On the other hand, that may have also been a car-reviewer problem. As much as we underpaid and overfed keyboard wretches kvetch about difficult-to-operate infotainment menus, we do understand that in many cases, familiarity breeds ease of use. In other words, these problems go away once you learn the system, which any owner would in short order.
To be fair, Android phone users may find the Google-based system a bit quicker to learn than iPhone users.
Finally, like many EVs, the Volvo ditches AM radio. We’ve covered the disappearance of AM radio a lot lately, and some of you say you won’t miss it, but I still listen to sports and news on AM and found myself missing it. Save the AM radio!
I’d probably not have led the review with relatively minor complaints if the C40 was more engaging to drive. It’s got the typical EV quickness from jump – as repetitive as it might make reviews, I love how almost all EVs offer instantaneous torque – but I was let down by artificial steering feel and handling that felt a tad too ponderous for a car of this size. That’s a relative term, to be sure – the C40 does have some sprightliness. Just not quite enough. You get a sense of sport on initial turn-in, but the car could be even livelier. Again, the lack of connection from the steering wheel to the tire could be at issue here.

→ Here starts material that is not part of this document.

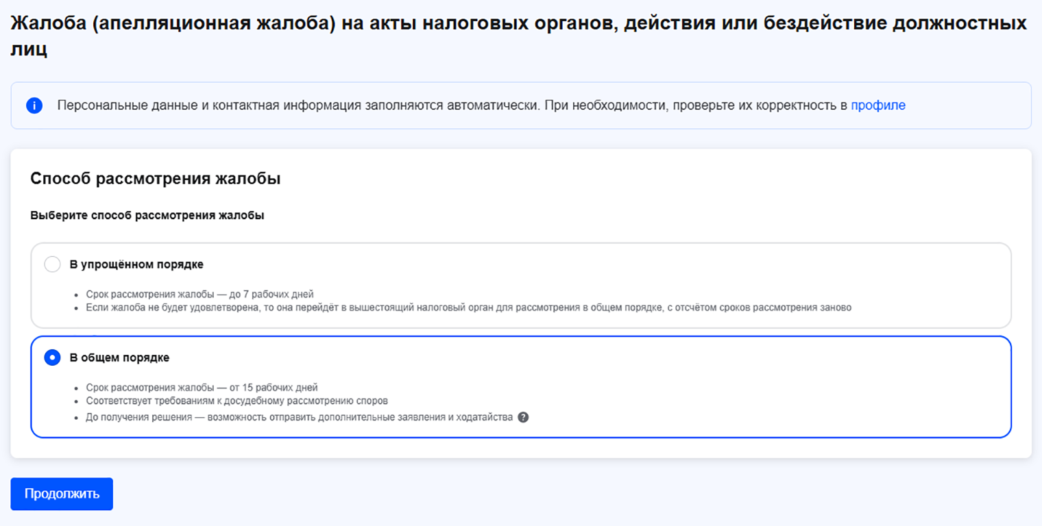 Есть упрощенный порядок подачи жалоб в электронном виде для менее сложных ситуаций — например, по поводу требований об уплате задолженности. Такие обращения рассматривает та инспекция, на которую жалуются. Если она не хочет удовлетворять требования, то обязана передать заявление выше.

Handling might be a bit of a letdown, but the car’s ride is generally good, though a bit too stiff at times, especially when encountering the broken pavement that’s so common in my home city. The overall ride/handling/acceleration package isn’t bad – I don’t want to lead you astray, dear reader, and come across as too harsh – so much as that it doesn’t live up to its initial promise. You can have some fun here, but I feel like the C40 could do more with a little extra effort on Volvo’s part.

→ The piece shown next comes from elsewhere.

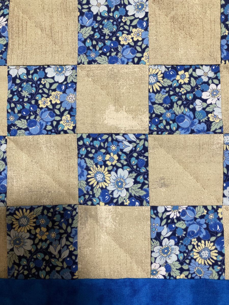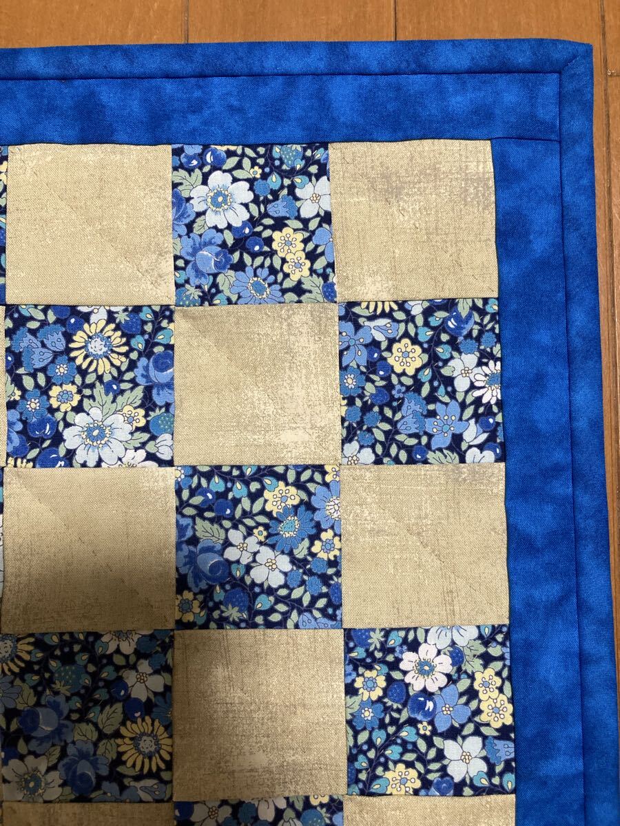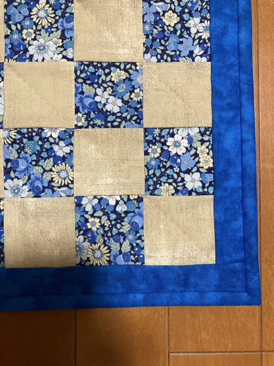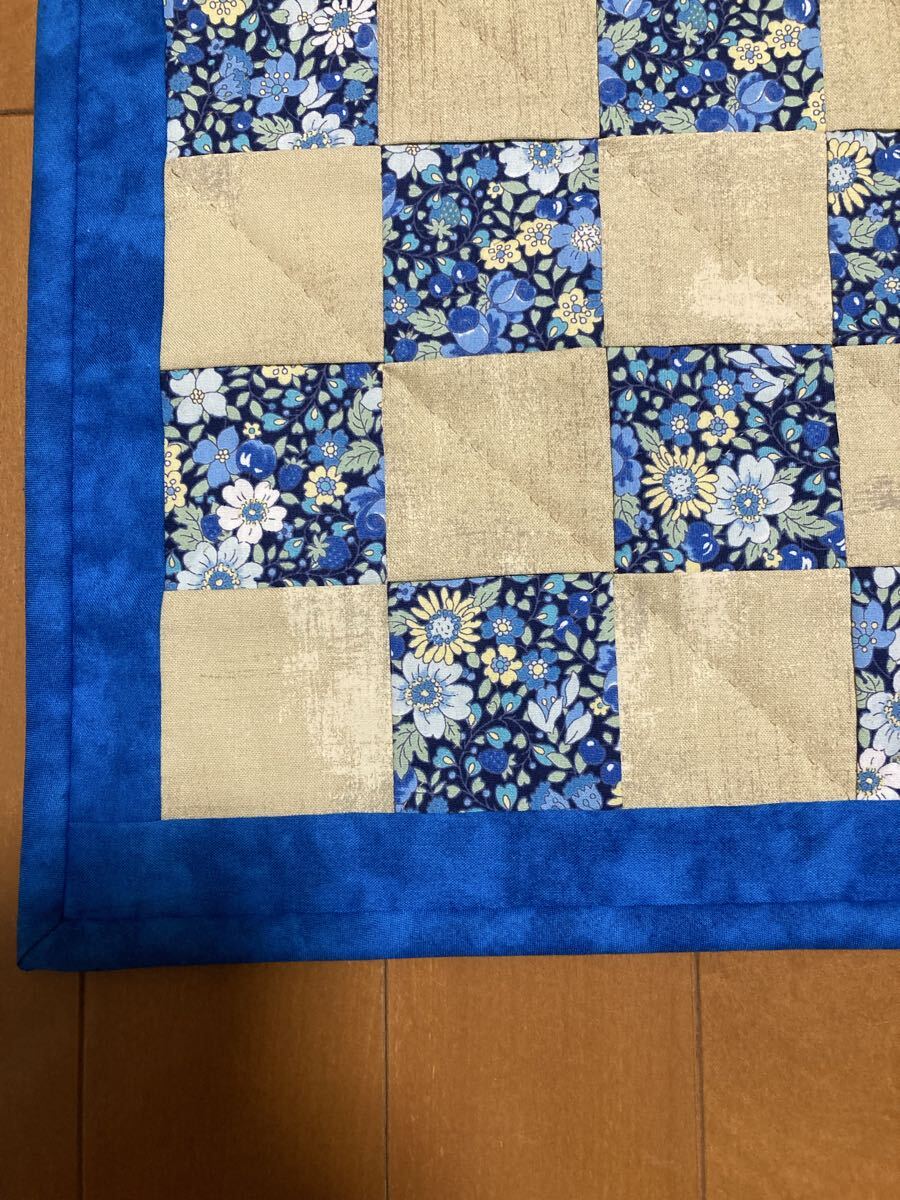 青系の花柄生地とくすみの生地を使い、スクエア(正方形)をつなげて作りました。

The dual electric motors (front and rear) that provide the car with all-wheel drive get their juice from a 78 kWh lithium-ion battery, and the system’s output is 402 horsepower and 486 lb-ft of torque. Again, this amount of power available on instant demand means the car’s ability to get moving from a dead stop is impressive.
Like many EVs, the C40 recharge offers one-pedal driving.

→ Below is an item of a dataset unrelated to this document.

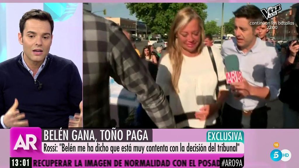 Antonio Rossi ya ha podido hablar con Belén Esteban tras la decisión definitiva del tribunal que condena a Toño Sanchís a pagarle hasta 600.000 euros además de las costas que ha generado el recurso que interpuso el ex representante. Belén le ha dicho a Rossi que está "muy contenta" y que "¡Ha ganado!".

Volvo is a brand with offerings ranging from entry-luxury to full-scale luxury, and the C40 Recharge is supposed to be a reasonably-priced electric upscale urban runabout. Herein lies the true problem. The car’s driving dynamics might a bit of a letdown, but the handling is still pretty decent. There’s power on tap for acceleration. The quirks I whined about up top won’t annoy everyone. But the price tag is a bit off-putting.
The base price for my test unit was $58K. That price includes features such as the 12.3-inch gauge screen, 9-inch infotainment screen, Google services, climate pre-conditioning, Bluetooth, USB ports, wireless phone charging, LED headlights, LED fog lights, blind-spot information system with steer assist, cross-traffic alert with automatic braking for collision avoidance, collision mitigation, lane-departure alert, lane-keep assist, a fixed panoramic glass roof, heated front seats, and dual-zone climate control.
That base price included the Ultimate package, which included 20-inch wheels, heated rear seats, the aforementioned keyless drive, adaptive cruise control, a power liftgate, Harmon Kardon audio, and a heated steering wheel. So, with the $695 metallic paint and the $1,095 destination fee, the total came to $60,540.
Perhaps that’s the biggest letdown here – the C40 Recharge could be a fun, relatively affordable way to introduce buyers to EVs in general and the Volvo brand specifically. I understand that the build costs of EVs are high now and will drop as the technology spreads, but for now, it’s unfortunate that getting the ultimate recharge will cost so much.